Performance of computational methods in correctly identifying pathogenic variants in the two principal rare disease variant databases, HGMD and ClinVar. The left panels show data for variants labeled as “pathogenetic” in ClinVar and “DM” in HGMD together with “benign” in ClinVar. The right panels add variants labeled as “likely pathogenic” and “likely benign” in ClinVar as well as “DM?” in HGMD. Meta and single method examples were selected on the basis of the average ranking of each method for the ROC and truncated ROC AUCs. See Additional file 1 for more details and selection criteria. A ROC curves for the selected metapredictors and single methods, together with a baseline provided by PolyPhen-2. Particularly for pathogenic variants alone, impressively high ROC areas are obtained, above 0.9, and there is a substantial improvement over the older method’s performance. B Blowup of the left-hand portion of the ROC curves, most relevant to high confident identification of pathogenic variants. Clinical thresholds for Supporting, Moderate, and Strong clinical evidence are shown. C Local positive likelihood ratio as a function of the confidence score returned by REVEL. Very high values (> 100) are obtained for the most confident pathogenic assignments. D Local posterior probability of pathogenicity; that is, probability that a variant is pathogenic as a function of the REVEL score for the two prior probability scenarios. For a prior probability of 0.1, typical of a single candidate gene situation (solid line) and database pathogenic and benign variants (left panel) the highest-scoring variants reach posterior probability above 0.9, strong enough evidence for a clinical assignment of “likely pathogenic.” In both panels, variants with a score greater than 0.45 provide Supporting clinical evidence (green threshold), and scores greater than 0.8 provide Strong evidence (red threshold). The estimated % of variants encountered in a clinical setting expected to meet each threshold are also shown. For example, about 14% of variants provide Supporting evidence. Dotted lines show results obtained with a prior probability of 0.01

The lower panels in Fig. 3 show positive likelihood ratios and posterior probability of pathogenicity for a selected metapredictor, REVEL [55]. With a prior probability of pathogenicity of 0.1 (approximating the prior when examining possible pathogenic variants in one or a few genes in a diagnostic setting; see “Methods”) 14, 10, and 4% of variants reach the Supporting, Moderate, and Strong evidence thresholds, respectively. With the much smaller prior of 0.01, representative of screening for possible secondary variants, about 6% of variants will provide Supporting evidence and 2% reach Moderate. These estimates are not exact since there may be significant differences between the distribution and properties of variants in these databases and those encountered in the clinic. For example, some genes have only benign variant assignments in the databases, and these might be excluded from consideration in the clinic. Performing the analysis on only genes with both pathogenic and benign assignments slightly reduced performance—highest AUC on the confident set of variants is 0.89 instead of 0.92. The selected methods also change slightly; see Additional file 1: Figure S9. In spite of this and other possible caveats, the overall performance of the computational methods is encouraging and, as with biochemical effect challenges, suggests that the computational methods can provide greater benefit in the clinic than recognized by the current standards.

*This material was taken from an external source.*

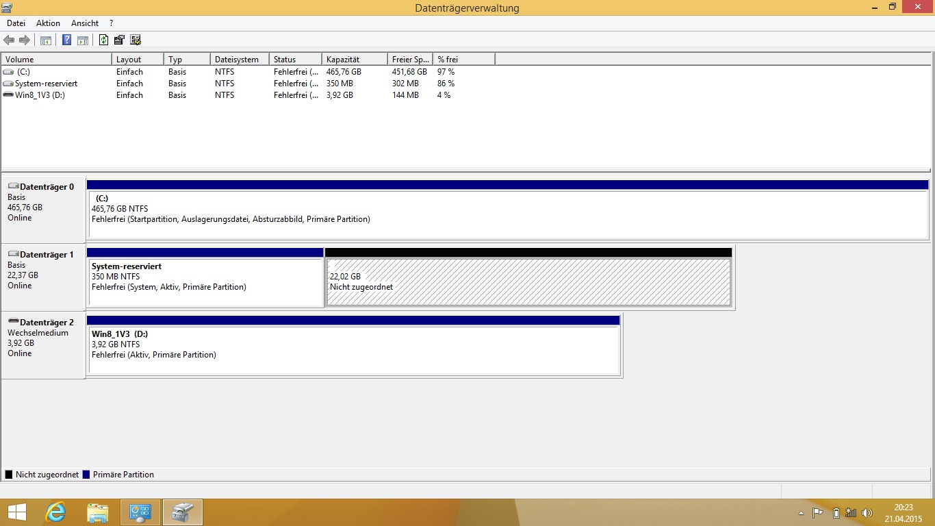 Eine Freundin hat gestern versucht Win8.1 auf ihrem vormals Win7 Laptop zu installieren, mit einem bootfähigen USB-Stick. Dies hat nicht funktioniert, wir haben das jetzt zusammen nochmal gemacht und wir sind auf ein sehr seltsames Problem gestoßen:

Identifying germline cancer risk variants

About a quarter of CAGI experiments have involved genes implicated in cancer (Fig. 1) and have included variants in BRCA1, BRAC2, PTEN, TPMT, NSMCE2 (coding for SUMO-ligase), CHEK2, the MRN complex (RAD50, MRE11, and NBS1), FXN, NPM-ALK, CDKN2A, and TP53. An additional challenge addressed breast cancer pharmacogenomics. From a cancer perspective, the most informative of these is a challenge provided and assessed by members of the ENIGMA consortium [27], using a total of 321 germline BRCA1/BRCA2 missense and in-frame indel variants. Performance on this challenge was impressively high, with four groups providing submissions that gave AUCs greater than 0.9 and two with AUCs exceeding 0.97. In the other BRCA1/BRCA2 variant challenge, the highest AUC is 0.88 on a total of 10 missense variants. The strong results may reflect the fact these are highly studied genes. More and larger scale challenges with a variety of genes are required in order to draw firm conclusions. Further details of cancer challenges are provided in Additional file 1: Figure S10 and Additional file 5: Table S5.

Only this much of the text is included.